→ **Available data**:
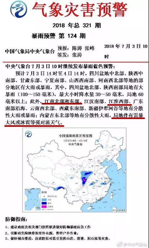 中央气象台发布的暴雨蓝色预警!
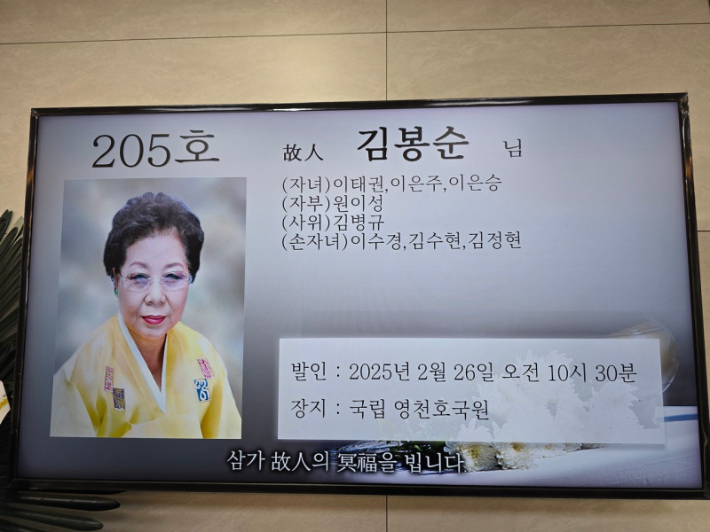 장     소 :  보훈병원 장례식장  205 호실
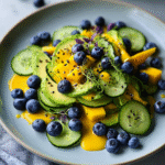 This refreshing Mango Cucumber Salad featuring blueberries and creamy avocado is a delightful summer dish bursting with vibrant flavors. With juicy mango, crisp cucumber, sweet blueberries, and rich avocado, this salad offers a perfect balance of textures and tastes. It’s easy to prepare and ideal for barbecues, picnics, or as a healthy snack.
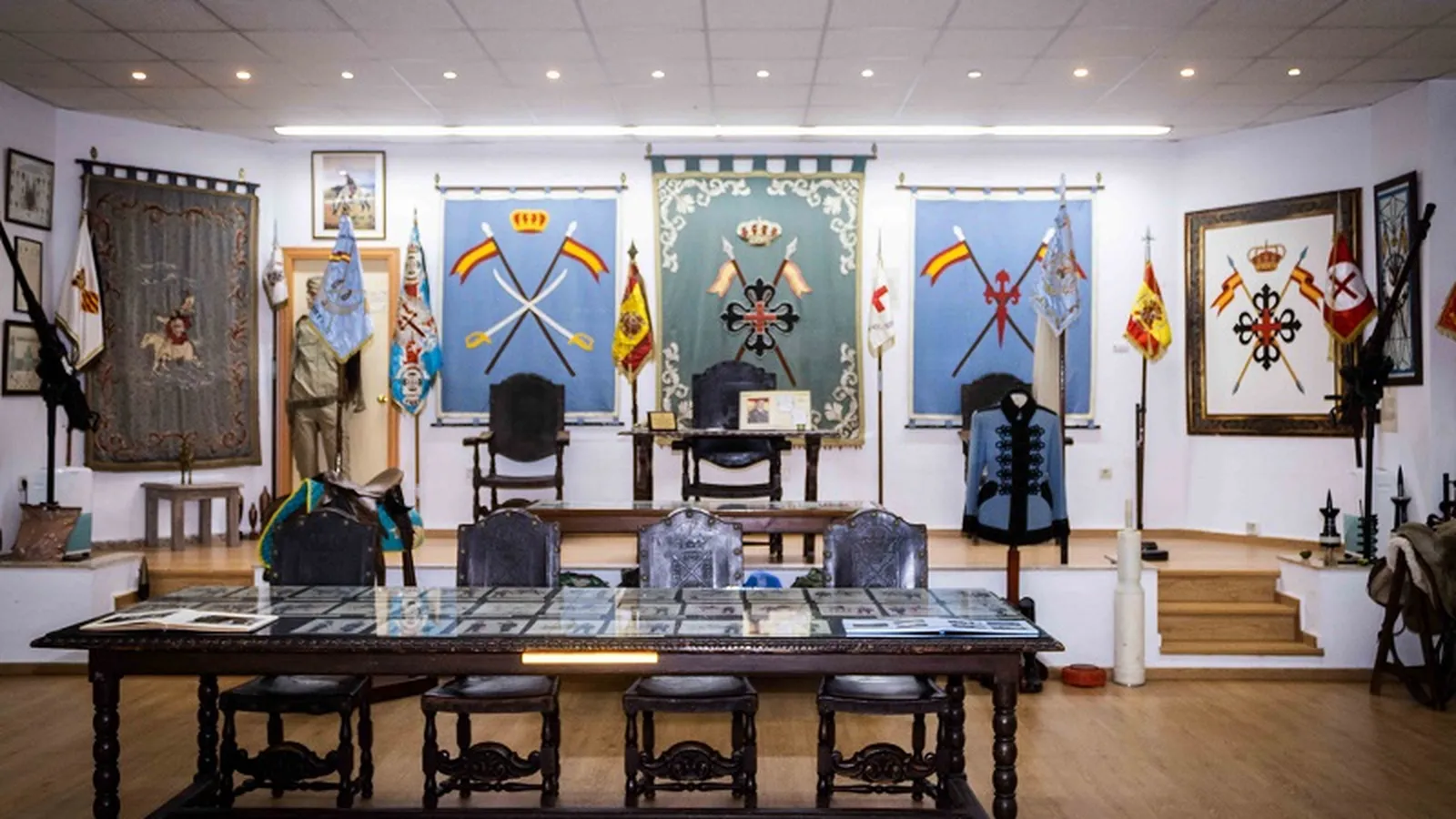 La Sala de Laureados rinde homenaje a los 115 jinetes de Caballería española que han recibido la Cruz Laureada de San Fernando, la más alta condecoración otorgada en reconocimiento al valor militar a la que se suma la Medalla Balmis, recibida por la regimiento por su acción durante la pandemia.
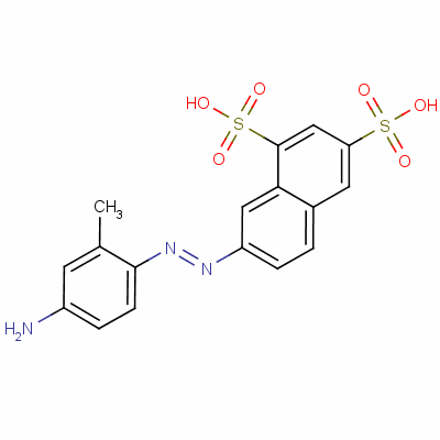 CAS NO : 2494-93-1 EC NO : 219-670-2 MF : C17H15N3O6S2 MW : 421.4475 Specification : 99% min Synonyms : 1,3-Naphthalenedisulfonic acid, 7-(2-(4-amino-2-methylphenyl)diazenyl)-;NSC 65536;1,3-Naphthalenedisulfonic acid, 7-((4-amino-2-methylphenyl)azo)-;1,3-Naphthalenedisulfonic acid, 7-((4-amino-o-tolyl)azo)- (8CI);7-((4-Amino-o-tolyl)azo)naphthalene-1,3-disulphonic acid;7-[(E)-(4-amino-2-methylphenyl)diazenyl]naphthalene-1,3-disulfonic acid;7-(4-amino-2-methyl-phenyl)azonaphthalene-1,3-disulfonic acid;1,3-Naphthalenedisulfonic Acid-7(4-Amino-2-Methphenyl)Azo; Molecular Structure :
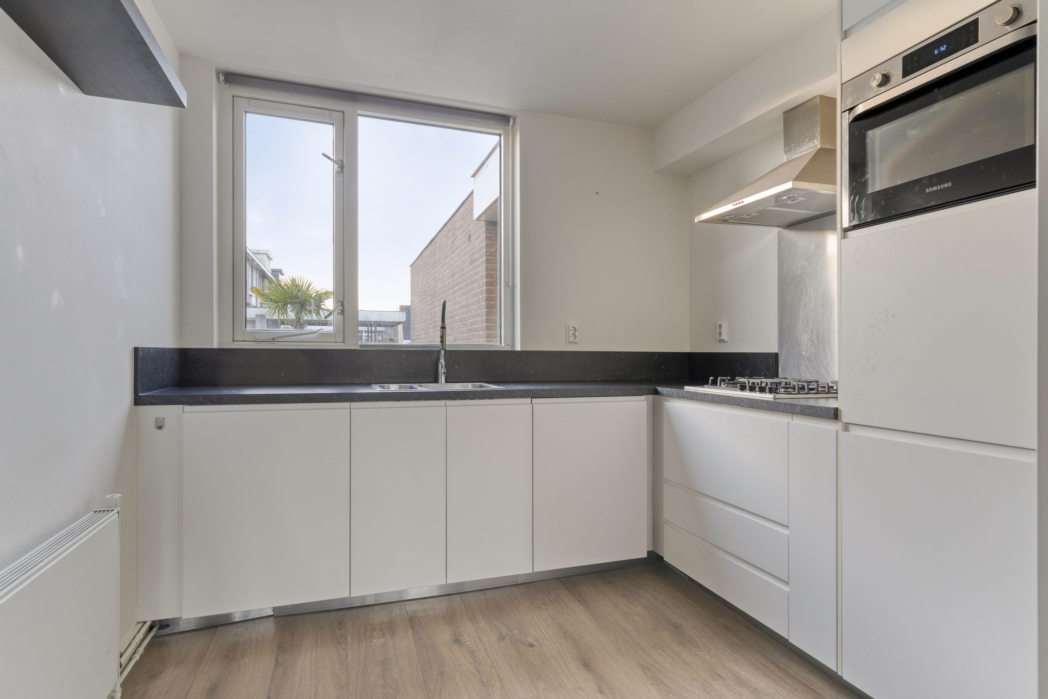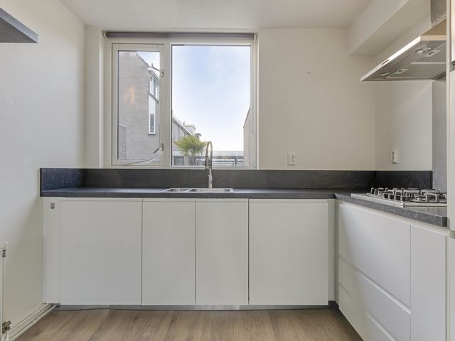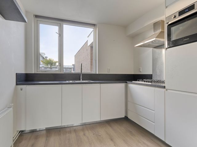 De open keuken is voorzien van diverse inbouwapparatuur, waaronder een gasfornuis, oven, koelkast, vaatwasmachine en afzuigkap.
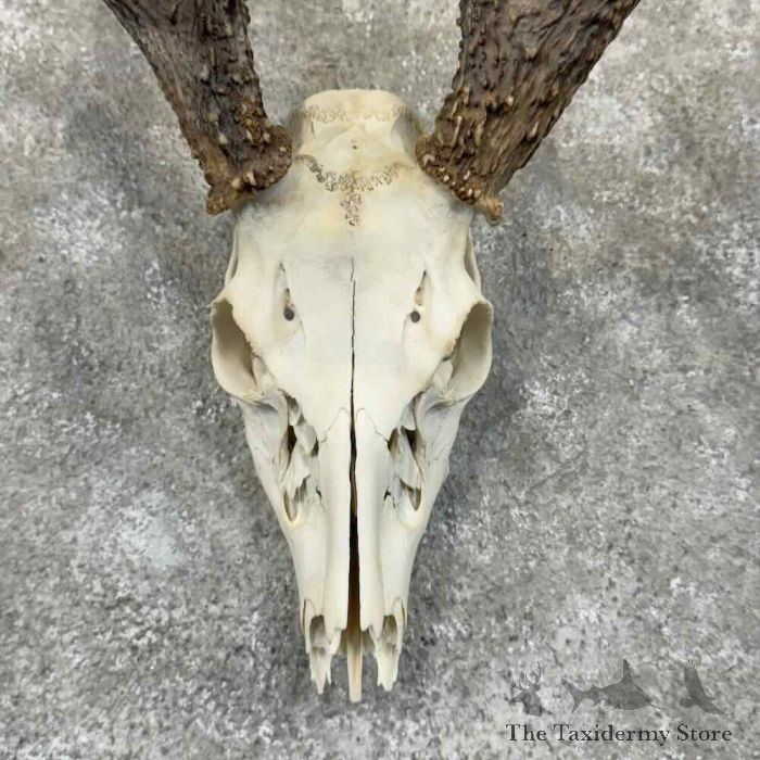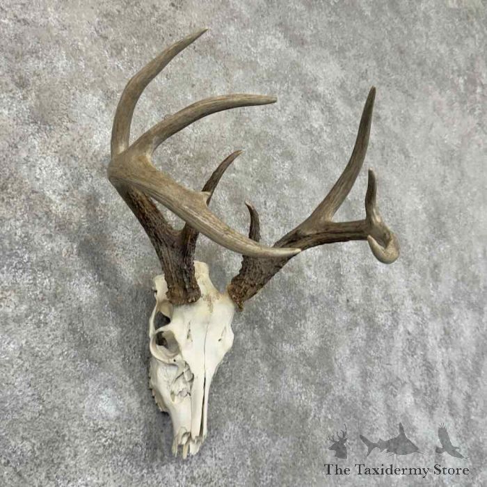 For sale, we have a splendid Whitetail Deer skull and antler “European” mount. This piece features a professionally cleaned and whitened skull, as well as a great set of high and tight antlers that earn an SCI gross score of 124 0/8″. This is the perfect piece for your office or cabin! All applicable measurements and dimensions are provided in the specifications section to help ensure this item will fit within your intended space, as well as meet expectations regarding the item’s featured attribute sizes, scores, etc.
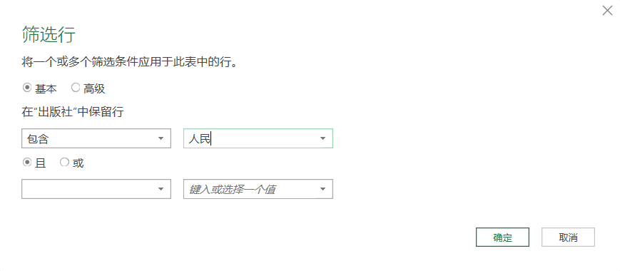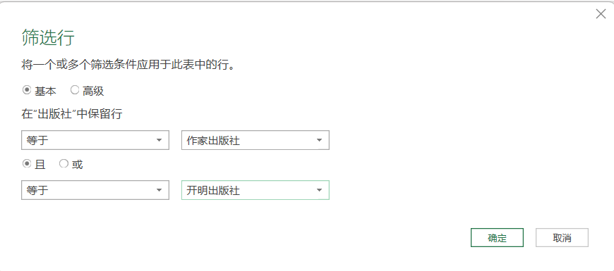 PowerQuery:出版社筛选按钮-文本筛选器-等于。
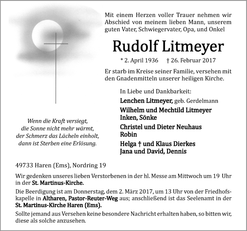 Hier finden Sie alle Traueranzeigen aus der Zeitung, die bisher für Rudolf Litmeyer erschienen sind. Weitere Traueranzeigen, die in der Zeitung erscheinen, werden hier ebenfalls aufgelistet
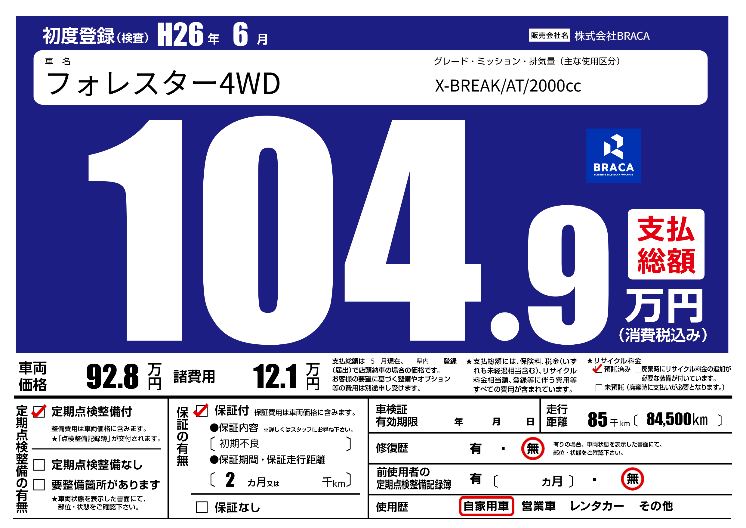 | 車名 | フォレスター4WD | グレード ミッション 排気量 |

→ **Instructions to follow**:
Only the lines from the start of the material to the line with "De open keuken", inclusive, belong in the answer, printed exactly and free of pictures.

→ **Solution for this task**:
 中央气象台发布的暴雨蓝色预警!
 장     소 :  보훈병원 장례식장  205 호실
 This refreshing Mango Cucumber Salad featuring blueberries and creamy avocado is a delightful summer dish bursting with vibrant flavors. With juicy mango, crisp cucumber, sweet blueberries, and rich avocado, this salad offers a perfect balance of textures and tastes. It’s easy to prepare and ideal for barbecues, picnics, or as a healthy snack.
 La Sala de Laureados rinde homenaje a los 115 jinetes de Caballería española que han recibido la Cruz Laureada de San Fernando, la más alta condecoración otorgada en reconocimiento al valor militar a la que se suma la Medalla Balmis, recibida por la regimiento por su acción durante la pandemia.
 CAS NO : 2494-93-1 EC NO : 219-670-2 MF : C17H15N3O6S2 MW : 421.4475 Specification : 99% min Synonyms : 1,3-Naphthalenedisulfonic acid, 7-(2-(4-amino-2-methylphenyl)diazenyl)-;NSC 65536;1,3-Naphthalenedisulfonic acid, 7-((4-amino-2-methylphenyl)azo)-;1,3-Naphthalenedisulfonic acid, 7-((4-amino-o-tolyl)azo)- (8CI);7-((4-Amino-o-tolyl)azo)naphthalene-1,3-disulphonic acid;7-[(E)-(4-amino-2-methylphenyl)diazenyl]naphthalene-1,3-disulfonic acid;7-(4-amino-2-methyl-phenyl)azonaphthalene-1,3-disulfonic acid;1,3-Naphthalenedisulfonic Acid-7(4-Amino-2-Methphenyl)Azo; Molecular Structure :
 De open keuken is voorzien van diverse inbouwapparatuur, waaronder een gasfornuis, oven, koelkast, vaatwasmachine en afzuigkap.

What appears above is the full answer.